HMRC appealed to the Upper Tribunal (UT) which found that the FTT had wrongly applied Autoclenz. Nevertheless, it concluded that the hypothetical contract between Ms Adams and the BBC was inconsistent with a contract of employment because she had been treated as self-employed in earlier years.

HMRC appealed to the Court of Appeal on the basis that the Upper Tribunal had misunderstood the third stage of the test in Ready Mixed Concrete (SE) Ltd v Minister of Pensions and NI. After considering minimum tests of mutuality of obligation and control, HMRC argued that the tribunal should then have considered “all other relevant factors”. Specifically, it should have considered the express and implied contract terms to determine the status of the hypothetical contract between Ms Adams and the BBC and not whether she had been in business on her own account.


Decision of Court of Appeal

Disagreeing with the first part of HMRC’s arguments, the Court of Appeal made clear that the test of whether someone is in business on their own account remains an important factor for courts to consider when deciding whether someone is an employee or not.

However, it agreed with HMRC that the UT’s reasoning with regard to the third stage was flawed in that it had failed to sufficiently examine 'all other relevant factors'. In some cases, this might be restricted to a consideration of the express and implied contract terms, although a wider range of factors had been taken into account in previous authorities. It therefore remitted the case to the UT to apply the correct test in this case.

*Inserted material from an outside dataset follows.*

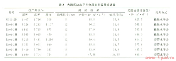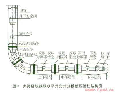 研究結(jié)果表明,氣井產(chǎn)能隨分段數(shù)目的增加而增加,但增產(chǎn)幅度隨之減小,當(dāng)分段數(shù)目達到一定數(shù)量時,增加分段數(shù)的效果已不明顯。根據(jù)單井實鉆資料及測井解釋結(jié)果,綜合考慮水平井段儲層、夾層、裂縫發(fā)育情況及封隔條件,結(jié)合儲層改造能力和酸壓模擬結(jié)果,并考慮投產(chǎn)作業(yè)施工的安全性和經(jīng)濟性,大灣區(qū)塊水平井段分2~3段完井。對投產(chǎn)井段長度約l 000 m的氣井,分段數(shù)設(shè)計為3段,投產(chǎn)井段長度約600 m的氣井,分段數(shù)設(shè)計為2段。

The tests for determining employment status for the purposes of employment rights and the tests that apply for determining employment status for tax purposes often overlap. What is interesting in this case, is that the court appears to have limited the application of Autoclenz to those cases which determine employment rights. What implication this has for determining employment status for the purpose of IR35 remains to be seen.